2d Count. For that they a piece of false, feigned, and counterfeit copper money, to the likeness and similitude of the current legal copper money of this realm, called a halfpenny, feloniously did make and coin, July the 27th .


On the 27th of July I went into a house in London-street, Tottenham-Court-road , upon having an information. I knocked at the door. I saw Shrode looking out at the parlour window; she asked me What I wanted? I desired she would let me in; she said She would not open the door; upon which I went backwards, and was helped over a back wall by Grubb, who followed me, and he helped me into the back parlour window. I then went into the passage, to let Grubb in at the door; but, just as I got to the door, I saw the two men, and the other woman, coming up stairs, out of the kitchen. Marshall was without his coat and waistcoat; he had a leather apron and a night-cap on, and his sleeves tucked up. Stead was without his coat, and his sleeves were tucked up, but he had his waistcoat on. Susannah Moore was without her gown, and had a dirty apron on. I followed them up stairs, and took Stead on the landing-place. I called to Dixon to assist me: I told him that the others were gone up stairs, and bid him pursue them. I took Stead into the one-pair-of-stairs back room; where I found Susanna Moore , who was without her upper petticoat, but was in the act of endeavouring to put it on over the dirty apron which she had on, in order to hide it. After I had secured them at the round-house, I came back again to help move the things; and in the back kitchen, I saw the stamping-press; under the stairs, the cutting-press was fixed in the ground; and in the fore kitchen, there were several dies and halfpence, and some halfpence were in the press. Susanna Moore appeared to have been hard at work. Shrode was in the parlour when I came into the house; I saw her no where else.

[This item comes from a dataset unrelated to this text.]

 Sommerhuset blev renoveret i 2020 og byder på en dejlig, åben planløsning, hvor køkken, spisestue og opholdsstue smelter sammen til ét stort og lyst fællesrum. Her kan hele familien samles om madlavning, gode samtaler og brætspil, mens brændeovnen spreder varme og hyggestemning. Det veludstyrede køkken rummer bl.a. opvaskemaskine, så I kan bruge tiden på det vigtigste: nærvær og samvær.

I heard somebody run up stairs before we got into the house. When we got in, I bid Young go up and secure them, and I myself went down into the kitchen. In the back kitchen I found the windows all blinded up; so was the chimney-piece: and in that kitchen I saw the stamping-press, and a candle alight, and a halfpenny just struck, which was between the dies. In the fore kitchen I found a great quantity of dies. The window of that kitchen was so blinded, that people could not see into it from the street.

We attempted to see, but could not. In the passage, under the stairs, there was a great quantity of blanks and copper, and a cutting-out press, and a candle also, lighted, by it. The men were stripped, and their hands were dirty. Catherine Moore was also stripped, and her hands were all over dirt and grease, as if she had just come from work. Shrode, the old woman, ran to a chamber-pot, and wanted to wash her hands; but I would not let her, for her hands had the appearance of having been at work. There was a great sack of halfpence hanging up on one side of the stamping-press. There were twenty-six dies (producing them, and two that were in the press.)

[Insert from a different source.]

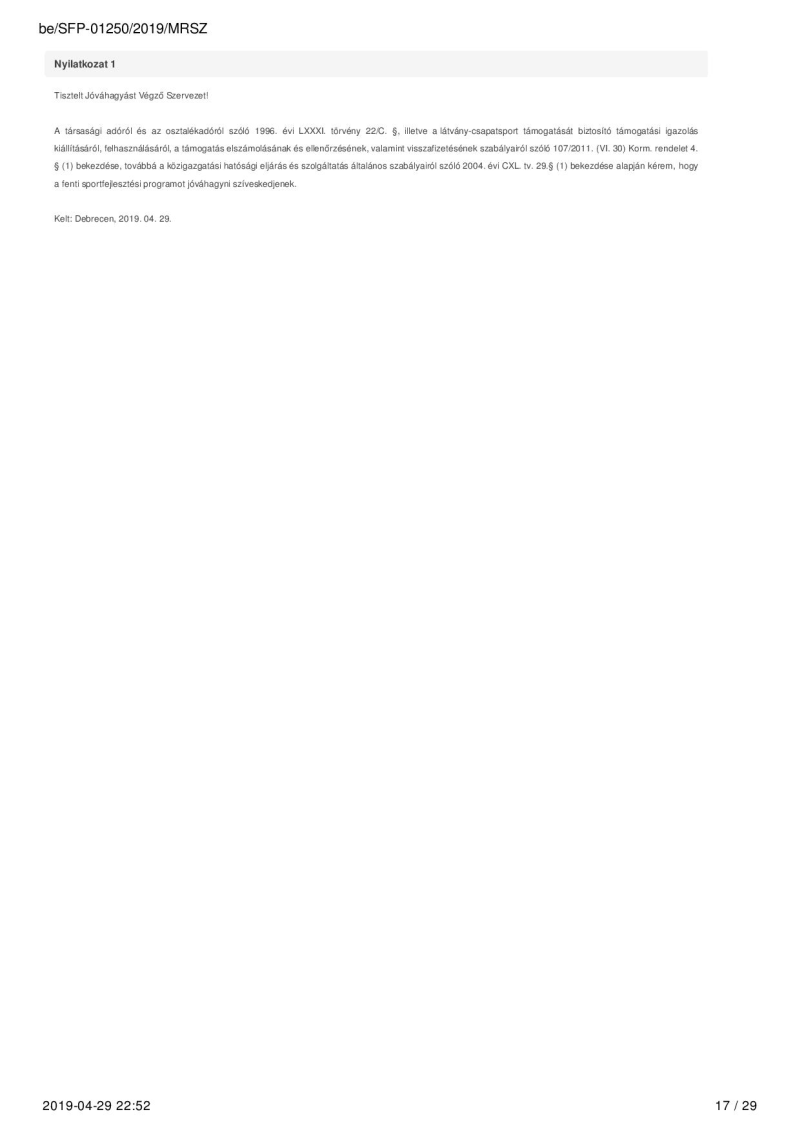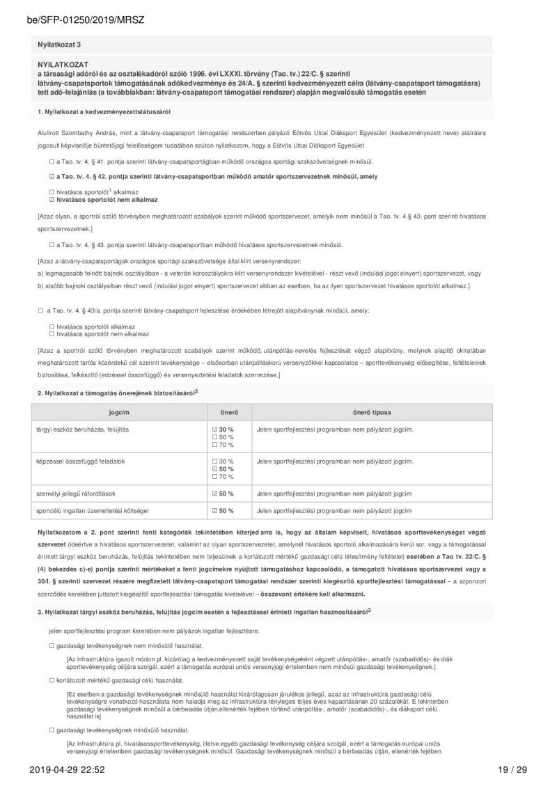 2019. évi sportágfejlesztési program

(Dixon produced a halfpenny that was then between the dies, and also some blanks and some finished halfpence.)


When I went up in the one pair of stairs back-room, there was Susannah Moore , stripped: she was putting on her petticoat over her clothes. I found Marshall in the rock-loft, in his shirt, with a leather apron on. Stead was stripped, and his sleeves tucked up. Marshall, when he was taken, begged for his clothes. I went down, and found his waistcoat below stairs, by the cutting press; and his hat and wig, and coat, in the front cellar, where the halfpence were found. When he was taken to the office, he owned that the hat, wig, and waistcoat, were his; and he put them on. There was a candle lighted at both presses. Moore's hands were dirty: whether the others were or not, I don't know; but I saw her run to the water to wash them. There were twelve pair of dies, besides those now produced.


The old woman ran away, to wash herself.


I am a moneyer of the mint. All this is counterfeit money.

(Marshall called seven witnesses, who gave him a good character.)

(Stead called three witnesses, who gave him a good character.)

( Susanna Moore called two witnesses, who gave her a good character.)


Tried by the First Middlesex Jury, before Mr. Baron HOTHAM.